═════ Records supplied ═════

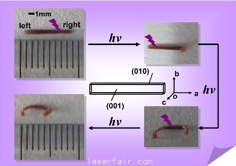 能量輸入誘導做功是一個(ge) 廣泛研究的重要科學問題。麵對日益嚴(yan) 重的環境汙染,如何有效利用可再生能源來實現能量到功的轉化激發了科學家對新興(xing) 能量轉換材料研究的興(xing) 趣。光誘導形變材料由於(yu) 具有遠程、快速以及空間可探測的特點,能有效地將光能轉化為(wei) 機械能,從(cong) 而在光做功領域具有重要的潛在應用。目前為(wei) 止,雖有為(wei) 數不多的具有這類形變的晶體(ti) 材料被報道,但是它們(men) 的形變尺寸還都停留在納米以及微米級別,這樣小的晶體(ti) 尺寸極大地限製了其實際應用。
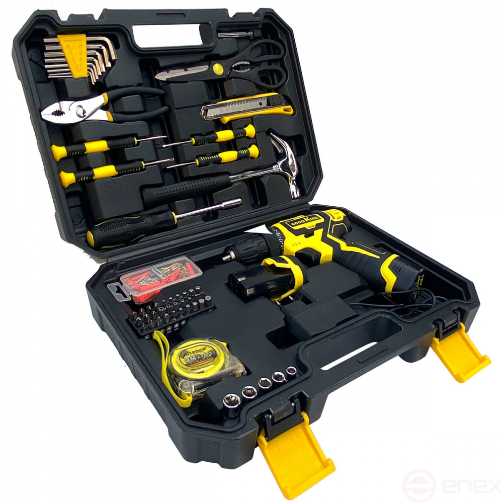 Набор инструментов с шуруповертом торговой марки "GOODKING" произведён специально для ремонта и строительства. Универсальный состав набора позволит вам обходиться без дополнительных инструментов и оснастки. Каждый этап изготовления контролируется в соответствии с международными стандартами. Особенности:
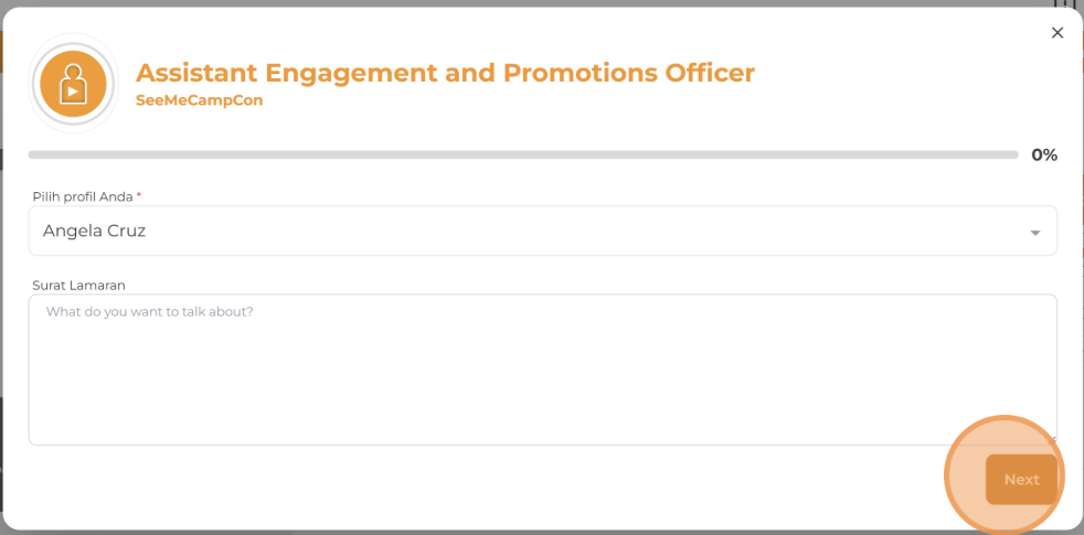6. Tinjau profil Anda, tulis surat lamaran jika diperlukan, klik Next, lalu klik Lamar Sekarang untuk menyelesaikan proses lamaran.
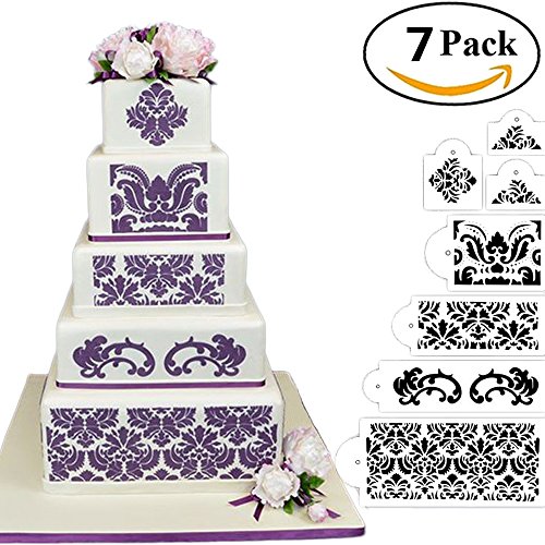 HULISEN 7Pcs Cake Decorating Stencil Mold Wedding Cake Stencil
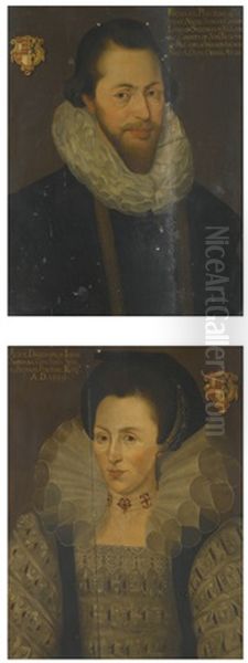 Portrait Of Richard Perceval, Of Twickenham, Somerset, Secretary Of The Court Of Wards In Ireland (+ Portrait Of His Wife, Alice, Daughter Of John Sherman Of Ottery St. Mary, Devon; Pair)
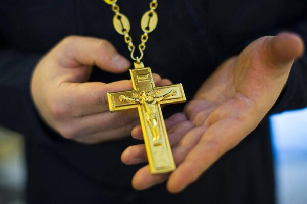 Orthodox Priest Alexei Kulberg holds a cross at The Bolshoi Zlatoust Church in Yekaterinburg, Russia.John Lehmann/The Globe and Mail
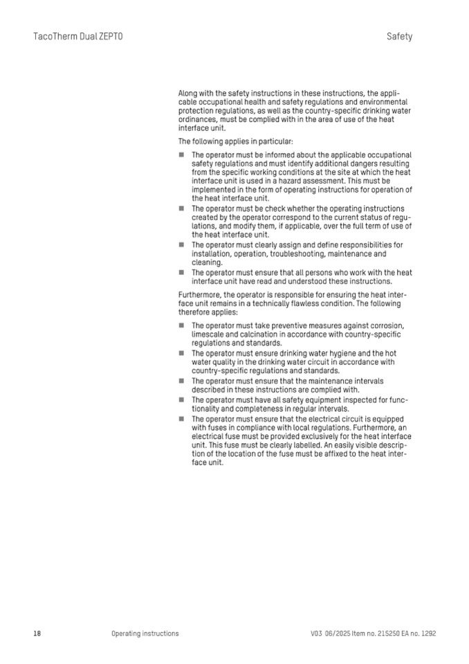 Furthermore, the operator is responsible for ensuring the heat inter-
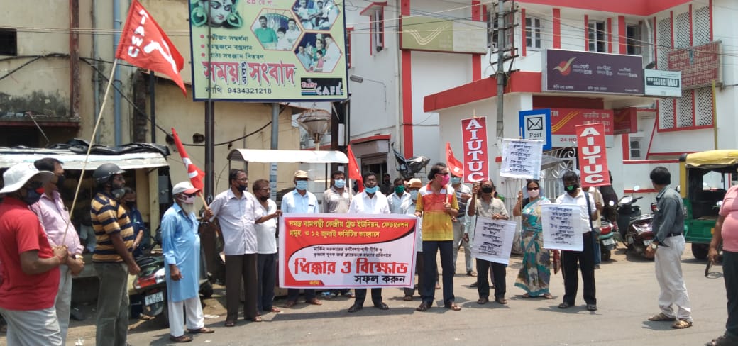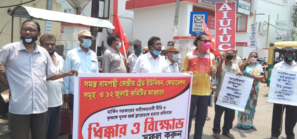 দৈনিক আবেশভূমি ডেস্ক :এগরা কাঁথি:পূর্ব মেদিনীপুর: সি আই টি ইউ ও ফেডারেশন সমূহ সহ ১২ই জুলাই কমিটির সম্মিলিত অাহ্বানে কাঁথি শহরে পোস্ট অফিস মোড়ে মার্কিন যুক্তরাষ্ট্রের বর্ণবৈষম্য নীতি,ডোনাল্ড ট্রাম্পের হুঙ্কার, শুধুমাত্র কৃষাঙ্গ হওয়ার অপরাধে জর্জ ফ্লয়েডের নির্মম হত্যাকাণ্ডের বিক্ষোভ কর্মসূচি পালিত হয় ৮ই জুন সোমবার। দেশজুড়ে বিভাজনের রাজনীতি ও করোনা ও অামফান মোকাবিলায় সরকারি ব্যর্থতার বিরুদ্ধেও বিক্ষোভ দেখান হয়। নেতৃত্ব দেন সিঅাইটিইউ নেতা হরপ্রসাদ ত্রিপাঠী,মামুদ হোসেন,কানাই মুখার্জী, জয়দেব পণ্ডা, প্রনব পণ্ডা, এঅাইটিইউসি নেতা উত্তম প্রধান, স্বপন পণ্ডা, মানিক লাল জানা, অমিত মান্না, অজিত পয়ড়্যা, ইউটিইউসি’র সেক হোসেন অালি, এবিটিএ’র সৌমিত্র সাহু,এবিপিটিএ’র কৃষ্ণেন্দু বারিক, ব্যাঙ্ক কর্মচারী সংগঠনের কমল তোলা,কো-অর্ডিনেশনের অনল দাস,পেনসনার্স ইউনিয়নের সোমনাথ মাল,শম্ভুনাথ দাস প্রমুখ।

═════

- **To do**
Take the material above from the line containing "HULISEN 7Pcs Cake" up to and including the line containing "Portrait Of Richard" and retype it exactly, without any pictures.

- **Written solution**
 HULISEN 7Pcs Cake Decorating Stencil Mold Wedding Cake Stencil
 Portrait Of Richard Perceval, Of Twickenham, Somerset, Secretary Of The Court Of Wards In Ireland (+ Portrait Of His Wife, Alice, Daughter Of John Sherman Of Ottery St. Mary, Devon; Pair)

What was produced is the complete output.